On the 27th of October, 1867, Bro. Crutcher, being then in his fiftieth year, and having devoted himself untrammeled to his ministry for a number of years, was married to Mrs. Mary D. Yancey, a sister of Rev. M. B. DeWitt. But a year or two after this event Bro. Crutcher's health became poor, and continued to decline until it was thought necessary to seek a higher atmosphere, which he did, and spent a year in the mountainous region, including Kerr county, Texas, without avail. After having organized a church there he was obliged to return; and finally stopped at Round Rock, which was his last earthly home. During several years he has lingered and suffered, both in body from disease, and in mind from privation. The writer saw him last in October, 1876, at the meeting of Synod. He was very feeble, but true to his character was at his post as Stated Clerk of Synod. His sufferings were ended, and his liberated spirit was permitted to be with Christ on the 30th of December, 1876.
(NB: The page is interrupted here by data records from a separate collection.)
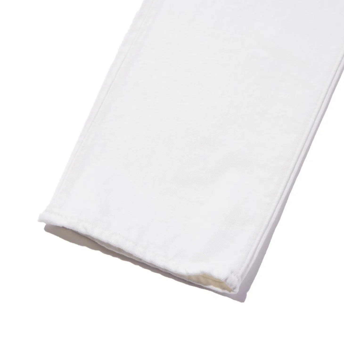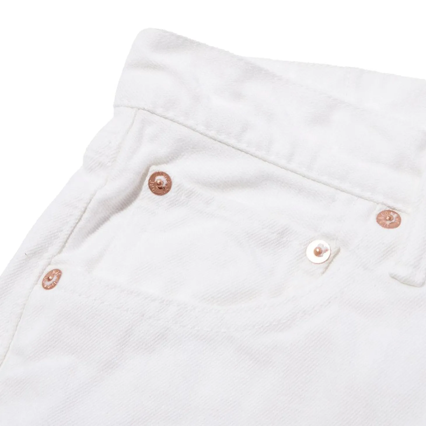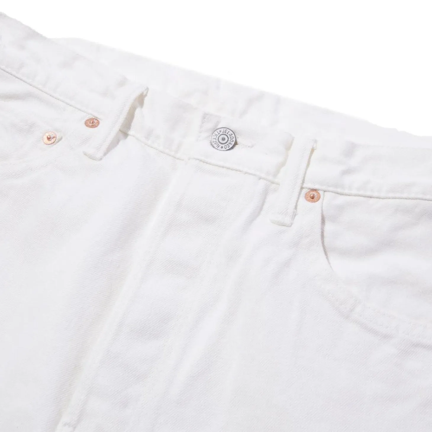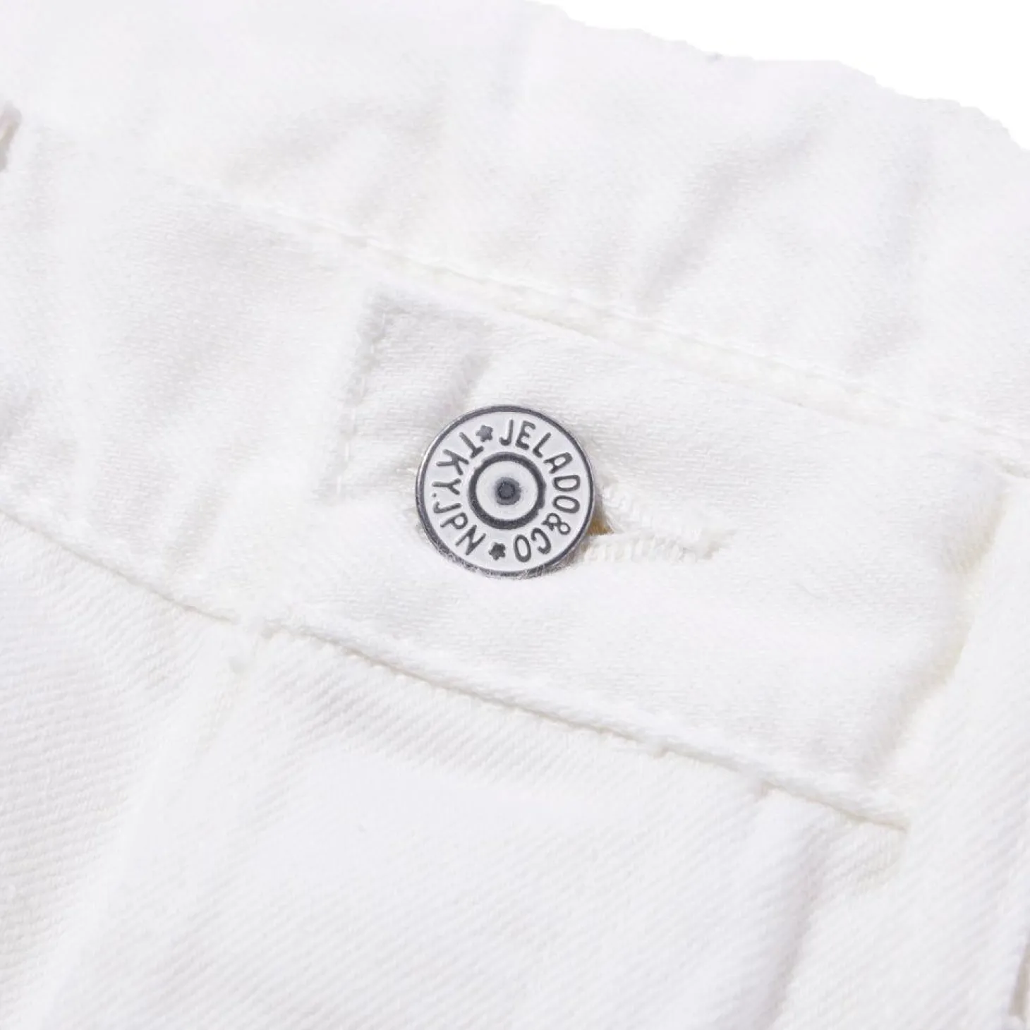 A high rise with a straight has been paired with exposed copper rivets, a five-button front and Jelado’s signature cotton thread arcuate sewn on the back pockets as well as a paper patch.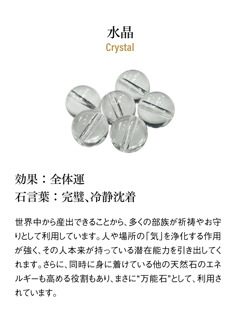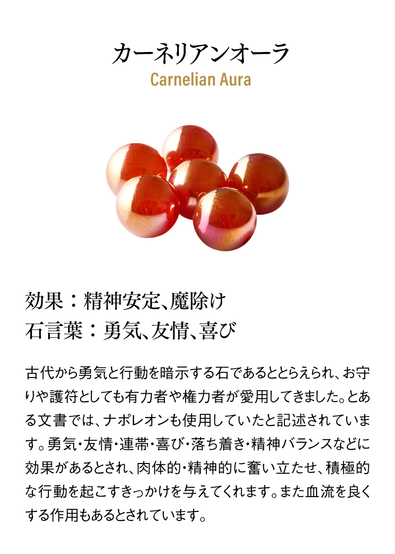 『女性の美しさを引き出す』 水晶をベースに落ち着いた雰囲気のクリアモデル。シンプルな中にも、ピンクのカーネリアンオーラをまとわせることで、シーンを選ばず、どんな服装に合わやすいデザインに。女性が持つ本来の美しさを、一気に引き出します!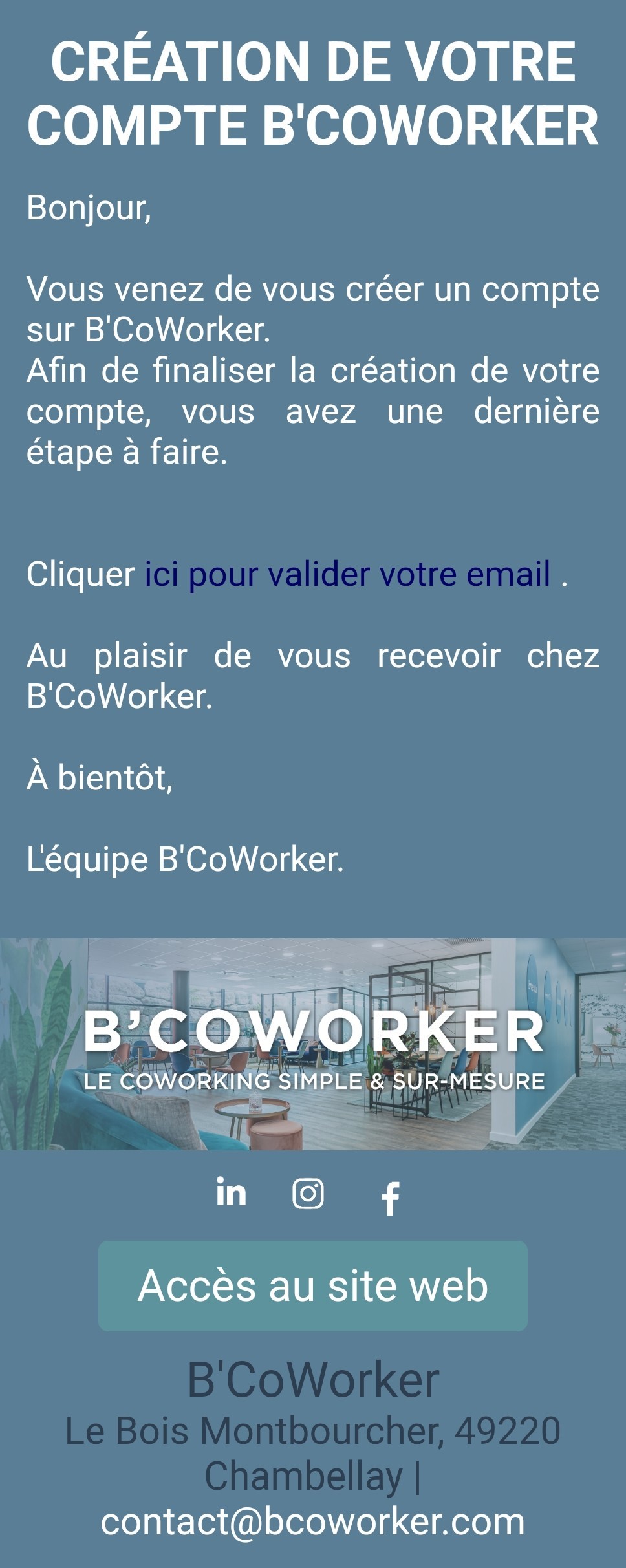 | Validez votre E-mail en cliquant sur le lien reçu dans l'email. |

His companion says of his last hours: "His soul rested in a Saviour's love and mediation, and how calmly and sweetly he went to sleep in Jesus. Bro. Davis was with us all day of the 30th of December, and sang some precious songs for him, and throughout the day (when not suffering) he seemed in happy anticipation of the blessed hour of release from all pain and suffering. To one brother, who came in and inquired of him his condition, he answered, with light on his countenance, 'My brother, I am nearing the port.' He fell asleep in Jesus at 10 o'clock at night."
He had four children. One was waiting to welcome him on the other shore, and three little daughters are left to the buffetings of this dreary world.
We do not pretend to say that our brother was without faults. No woman could have a finer sense of propriety, and consequently the world all around him was full of that which would shock his sense. Meanness, wrong, impropriety of any kind was an offense to him. It was a struggle for him to bear them, and this was the source of his greatest trials.
Besides his devotion to the work of the ministry, which has been mentioned, his punctuality was worthy of note. He could seldom be charged with wasting other people's time. We could always depend on his being at Presbytery and Synod. "he always specifies an hour at which he would preach," says Bro. Walker, "and I have known him often to commence at that hour, if there were but two or three persons present."
His promptness was no less remarkable. It was a rule from which he did not deviate, to preach or perform any religious service when requested to do so, without trying to excuse himself. He took no duty imposed upon him by his Presbytery as a hardship: he would acquiesce without a murmur.
It was his rule to preach short sermons, and in order to this they were to the point. There was no waste of words. His sermons were clear, forcible presentations of divine truth, and he would often close them up before inattentive hearers would be looking for it. I never heard any one say his sermons were too long. If they complained at all, it was that they were so short.
But he is gone, and we believe that his soul is at rest, that he dies in the Lord, and that his end is everlasting life. We miss him in the pulpit and in the judicatories of the Church. May his mantle fall on some one else as useful, and may God raise up friends to care for his wife and little children.